(RECORDS TO PROCESS Opens)

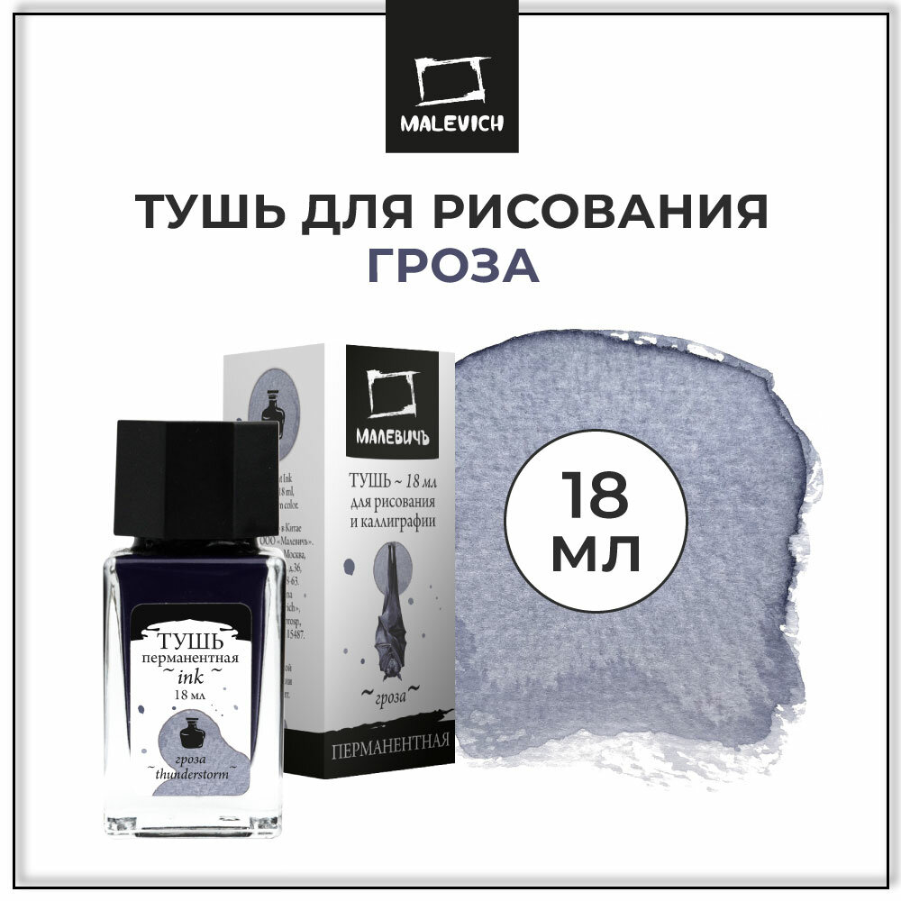 Тушь для рисования и каллиграфии Малевичъ, цветная перманентная, гроза, 18 мл
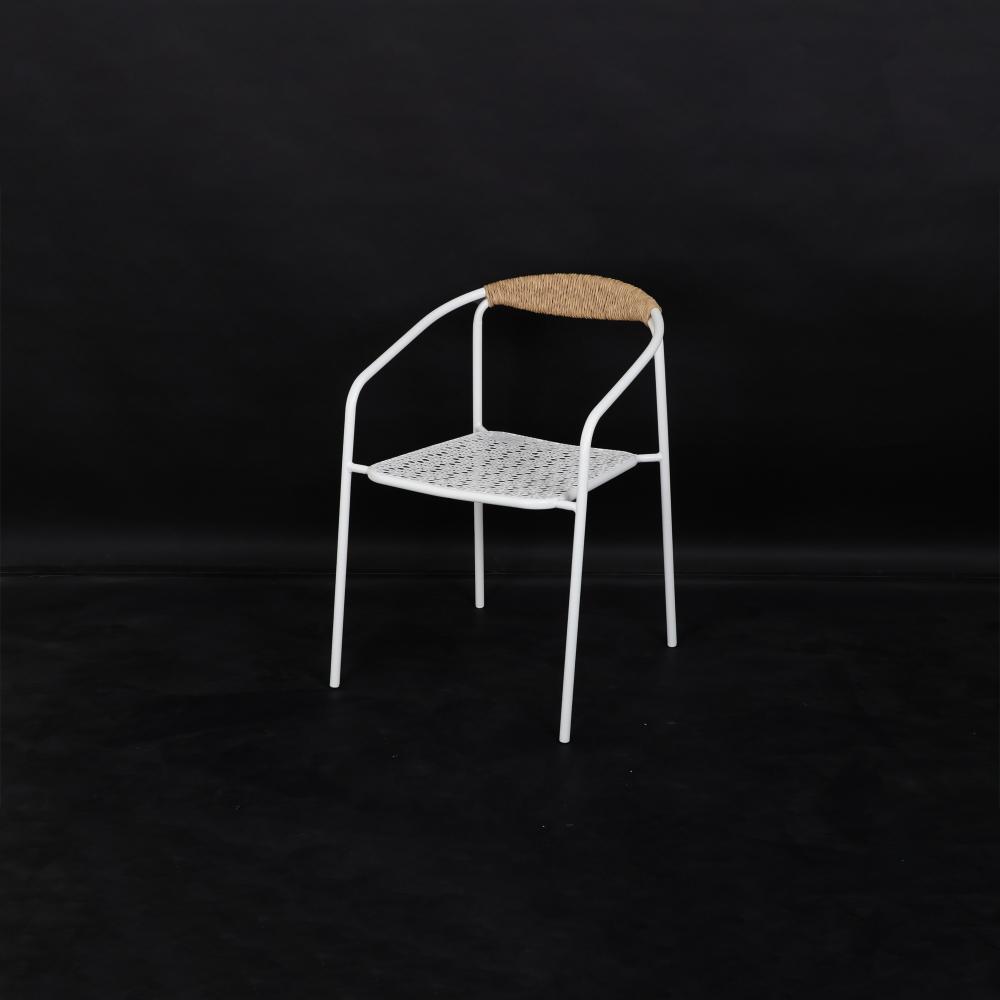 • تصميم فريد يجمع بين الحديد والحبل القش.
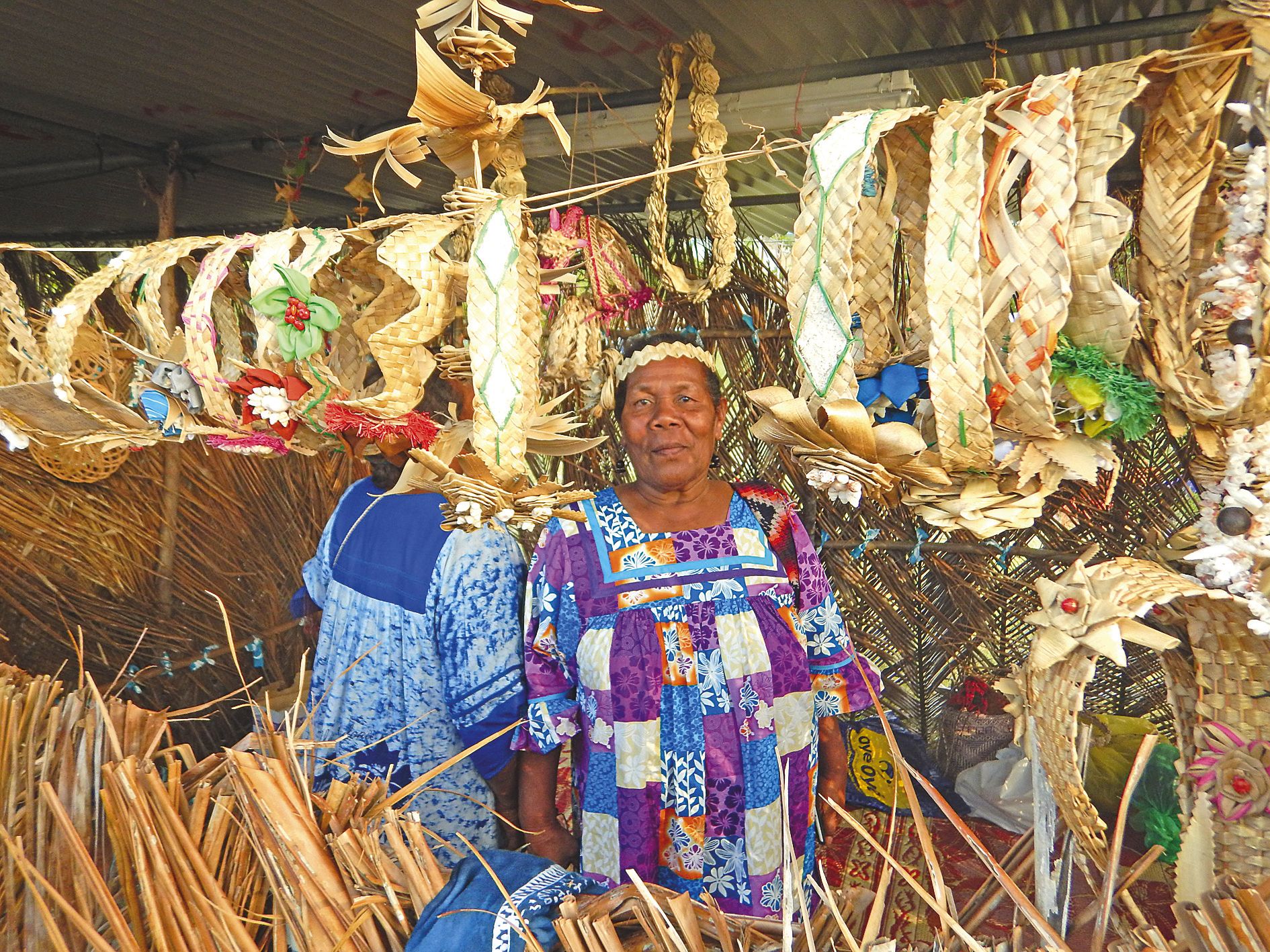 Sur les stands d’artisanat, le savoir-faire était à l’honneur, notamment avec les couronnes en pandanus tressés de Clothilde Wala.
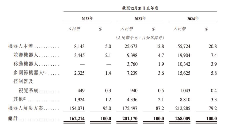 从2020年到2024年,机器人本体收入占比从5.0%上升到20.8%,机器人解决方案的收入占比从95.0%下降到79.2%。
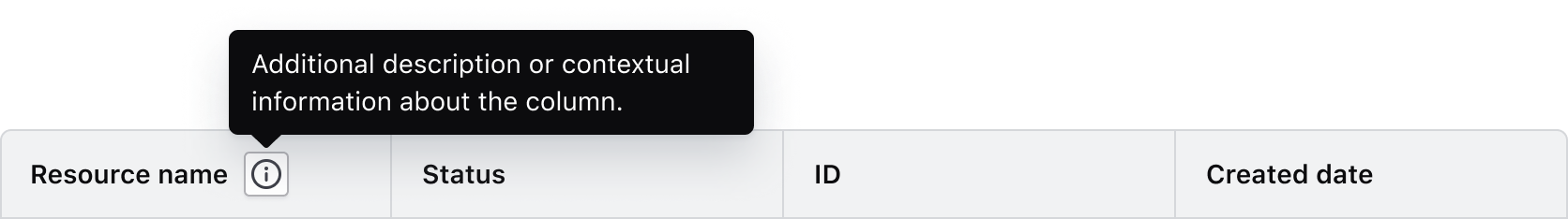 Labels within the Advanced Table column should be clear, concise, and straightforward. In the case that more context or details are necessary, a Tooltip can be used in conjunction with the label but should be used sparingly and as a last resort.
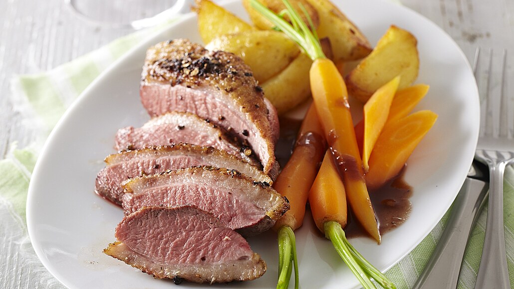 - Prsíčka vyndáme a necháme na teplém místě asi 8 minut dojít. Karotku prohřejeme na pánvi s rozehřátým máslem. Šťávu z masa přilijeme do omáčky, kterou podle chuti osladíme. Na talíře rozdělíme karotku, přidáme omáčku, na plátky nakrájené maso a doplníme vhodnou přílohou - opečené brambory nebo kroketky.
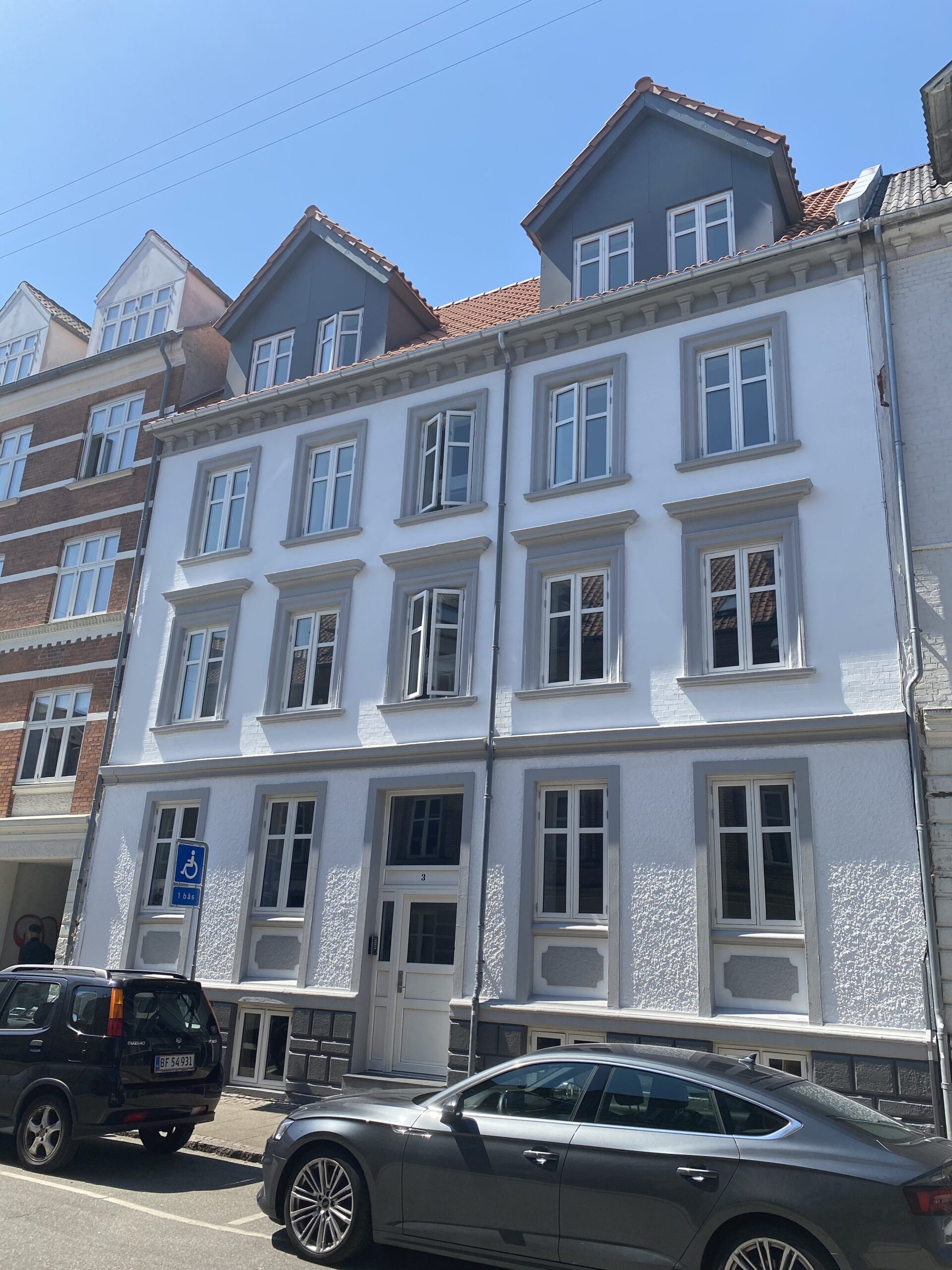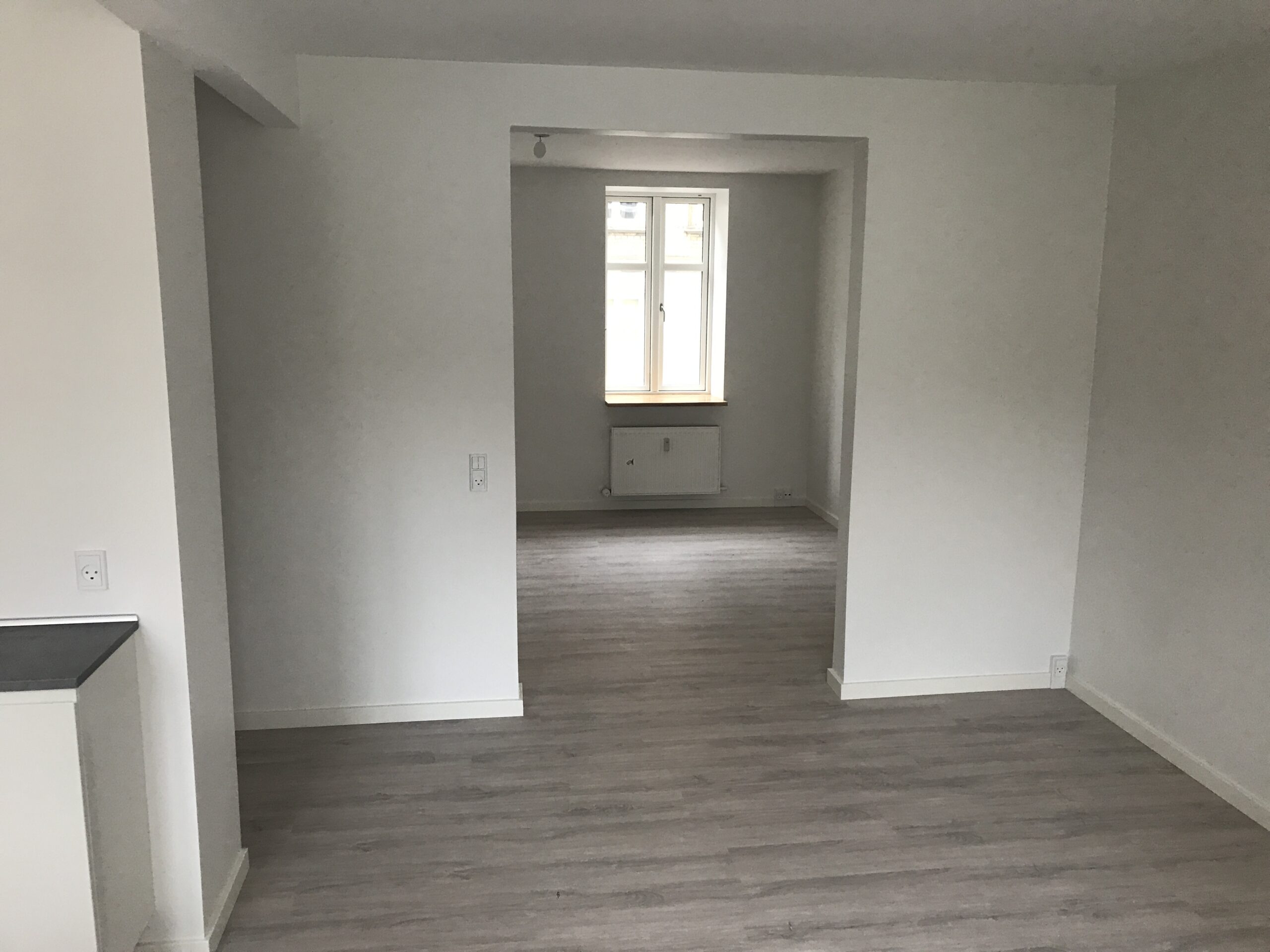 English: This wonderful 99 m² apartment is located in the very heart of Aalborg, completely renovated and equipped with brand new appliances. Large kitchen/living room and two separate bed rooms. Amazing balcony towards the quiet backyard and laundry room in the basement. Perfect for a couple or a couple of friends. No pets allowed.

(RECORDS TO PROCESS Closes)

• _WHAT YOU ARE ASKED TO DO_: What you return should be the exact lines from the one containing "- Prsíčka vyndáme" through the end of the listing above, both included, minus any pictures.

• _OUTPUT OF THE EXERCISE_:
 - Prsíčka vyndáme a necháme na teplém místě asi 8 minut dojít. Karotku prohřejeme na pánvi s rozehřátým máslem. Šťávu z masa přilijeme do omáčky, kterou podle chuti osladíme. Na talíře rozdělíme karotku, přidáme omáčku, na plátky nakrájené maso a doplníme vhodnou přílohou - opečené brambory nebo kroketky.
 English: This wonderful 99 m² apartment is located in the very heart of Aalborg, completely renovated and equipped with brand new appliances. Large kitchen/living room and two separate bed rooms. Amazing balcony towards the quiet backyard and laundry room in the basement. Perfect for a couple or a couple of friends. No pets allowed.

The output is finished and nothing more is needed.